▶ _Dataset excerpt_
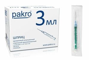 Шприц 3-х компонентный объемом 3 мл – это медицинское изделие, которое используется для инъекций. Шприц стерильный инъекционный имеет индивидуальную упаковку и предназначен для одноразового использования. Он выполнен из качественного и безопасного материала. Игла 23G (0,6х32мм) — съёмная. Игла при введении не травмирует ткани, за счёт покрытия специальной смазкой. Положение Луер-крепления (конуса цилиндра) шприца — концентрическое (расположено по центру цилиндра шприца). Прозрачный цилиндр облегчает контроль объема и прозрачности медикамента. Шприцы имеют высокую точность и позволяют контролировать дозу препарата. Индивидуальная упаковка обеспечивает сохранность стерильности. Шприцы трехкомпонентные – это надежный и удобный инструмент для проведения медицинских процедур в домашних условиях или в медицинских учреждениях.В шприцах Pakro Medical достигнута высокая степень плавности движения поршня, введение лекарственного препарата проводится без «рывков».Прозрачный цилиндрический корпус с четкой, устойчивой к стиранию шкалой, манжета из нетоксичного резинового компаунда зеленого цвета с конусом, исключающий «мертвый объем», цветоконтрастный (зеленый) шток поршня — все это позволяет точно дозировать и визуально контролировать качество раствора во время использования шприца.Иглы, которыми укомплектованы шприцы Pakro Medical, атравматичные, благодаря оригинальной технологии обработки.1.Игла изготовлена из специальной хирургической стали, что позволяет сохранить прочность при минимальной толщине стенки.2.Острие иглы имеет заточку в трех плоскостях, что обеспечивает безболезненный укол.3.Ультразвуком с поверхности иглы удаляются микрочастицы металла, и производится шлифовка.4.Поверхность иглы покрыта специальной силиконовой смазкой, что позволяет достичь минимального коэффициента трения иглы с тканями в момент ее введения.При этом из внутреннего просвета остатки смазки выдуваются, благодаря чему обеспечивается максимальная пропускная способность иглы.Все это делает инъекцию практически атравматичной и безболезненной. Ткани при этом не разрезаются, а раздвигаются.СТЕРИЛЬНО. АПИРОГЕННО. НЕ ТОКСИЧНОБез латексаСтерилизовано оксидом этилена.ДЛЯ ОДНОКРАТНОГО ПРИМЕНЕНИЯ.Тип наконечника ЛУЕР.PAKRO Шприц одноразовый, стерильный трёхкомпонентный, объёмом 3 мл, c иглой 23G х 1 1/4″ (0,6 х 32)Игла съёмная.
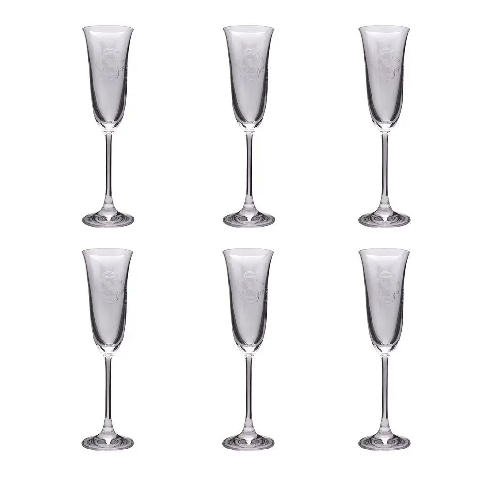Set Of 6 Champagne Flutes With Monogram
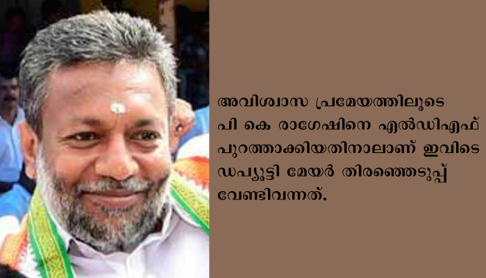 കണ്ണൂര്‍ കോര്‍പ്പറേഷന്‍ ഡെപ്യൂട്ടി മേയര്‍ സ്ഥാനത്തേക്ക് പി കെ രാഗേഷ് തിരഞ്ഞെടുക്കപ്പെട്ടു
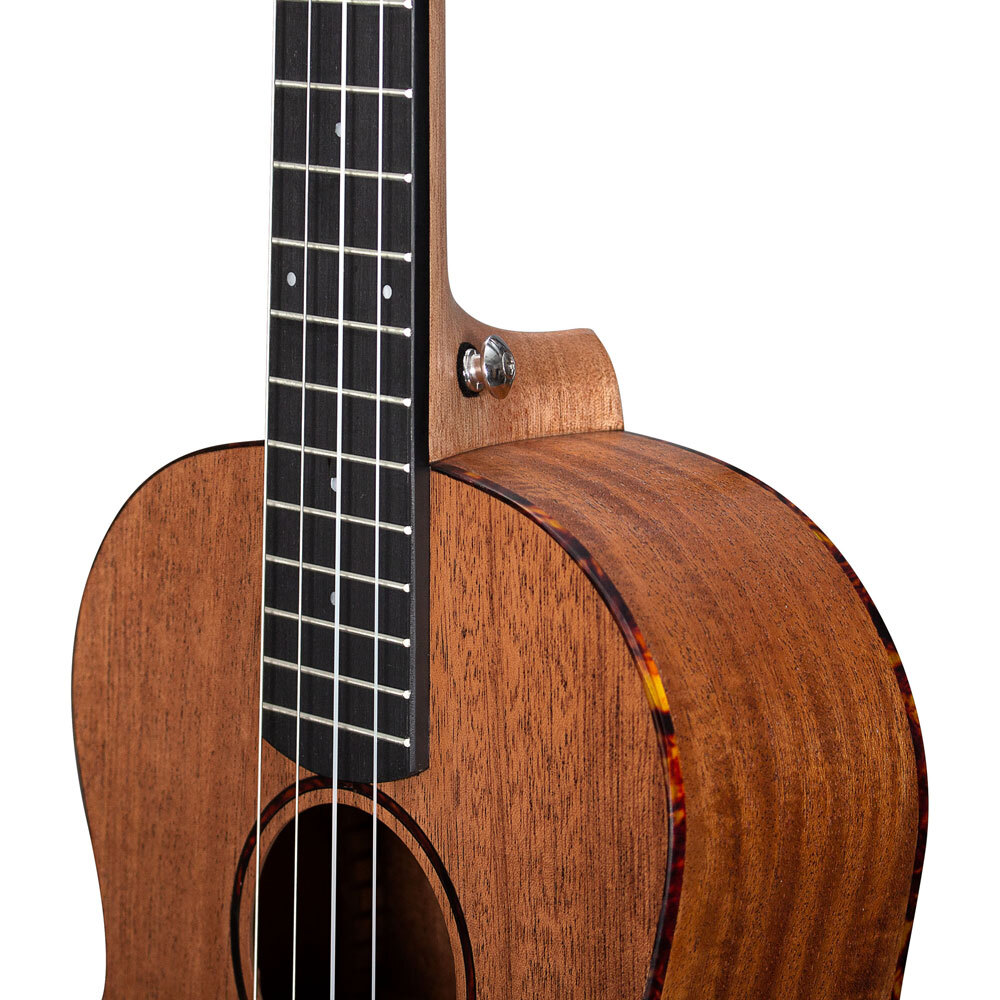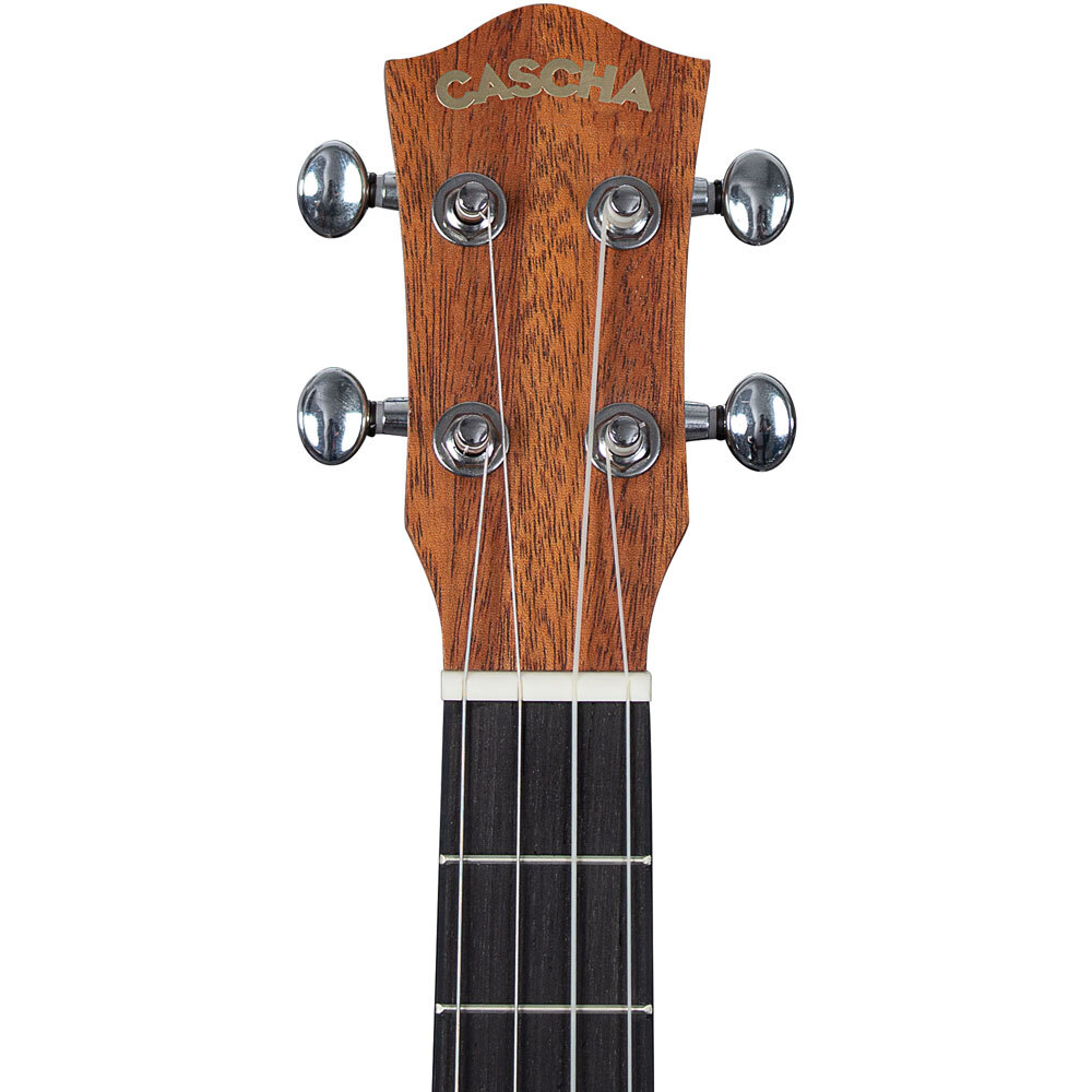 The body and neck of the Cascha baritone ukulele are made entirely of mahogany wood. This gives it a warm, balanced sound with subtle highs. The fingerboard and bridge are made of dark rosewood, which provides a nice visual contrast. In addition, the "Red Tortoise" binding on the body and rosette is quite eye-catching and gives the Cascha Baritone Ukulele a classic and very classy look.

▶ _Problem requirements_
The result should be the same data as above, line for line, with the pictures gone.

▶ _Your solution_
 Шприц 3-х компонентный объемом 3 мл – это медицинское изделие, которое используется для инъекций. Шприц стерильный инъекционный имеет индивидуальную упаковку и предназначен для одноразового использования. Он выполнен из качественного и безопасного материала. Игла 23G (0,6х32мм) — съёмная. Игла при введении не травмирует ткани, за счёт покрытия специальной смазкой. Положение Луер-крепления (конуса цилиндра) шприца — концентрическое (расположено по центру цилиндра шприца). Прозрачный цилиндр облегчает контроль объема и прозрачности медикамента. Шприцы имеют высокую точность и позволяют контролировать дозу препарата. Индивидуальная упаковка обеспечивает сохранность стерильности. Шприцы трехкомпонентные – это надежный и удобный инструмент для проведения медицинских процедур в домашних условиях или в медицинских учреждениях.В шприцах Pakro Medical достигнута высокая степень плавности движения поршня, введение лекарственного препарата проводится без «рывков».Прозрачный цилиндрический корпус с четкой, устойчивой к стиранию шкалой, манжета из нетоксичного резинового компаунда зеленого цвета с конусом, исключающий «мертвый объем», цветоконтрастный (зеленый) шток поршня — все это позволяет точно дозировать и визуально контролировать качество раствора во время использования шприца.Иглы, которыми укомплектованы шприцы Pakro Medical, атравматичные, благодаря оригинальной технологии обработки.1.Игла изготовлена из специальной хирургической стали, что позволяет сохранить прочность при минимальной толщине стенки.2.Острие иглы имеет заточку в трех плоскостях, что обеспечивает безболезненный укол.3.Ультразвуком с поверхности иглы удаляются микрочастицы металла, и производится шлифовка.4.Поверхность иглы покрыта специальной силиконовой смазкой, что позволяет достичь минимального коэффициента трения иглы с тканями в момент ее введения.При этом из внутреннего просвета остатки смазки выдуваются, благодаря чему обеспечивается максимальная пропускная способность иглы.Все это делает инъекцию практически атравматичной и безболезненной. Ткани при этом не разрезаются, а раздвигаются.СТЕРИЛЬНО. АПИРОГЕННО. НЕ ТОКСИЧНОБез латексаСтерилизовано оксидом этилена.ДЛЯ ОДНОКРАТНОГО ПРИМЕНЕНИЯ.Тип наконечника ЛУЕР.PAKRO Шприц одноразовый, стерильный трёхкомпонентный, объёмом 3 мл, c иглой 23G х 1 1/4″ (0,6 х 32)Игла съёмная.
Set Of 6 Champagne Flutes With Monogram
 കണ്ണൂര്‍ കോര്‍പ്പറേഷന്‍ ഡെപ്യൂട്ടി മേയര്‍ സ്ഥാനത്തേക്ക് പി കെ രാഗേഷ് തിരഞ്ഞെടുക്കപ്പെട്ടു
 The body and neck of the Cascha baritone ukulele are made entirely of mahogany wood. This gives it a warm, balanced sound with subtle highs. The fingerboard and bridge are made of dark rosewood, which provides a nice visual contrast. In addition, the "Red Tortoise" binding on the body and rosette is quite eye-catching and gives the Cascha Baritone Ukulele a classic and very classy look.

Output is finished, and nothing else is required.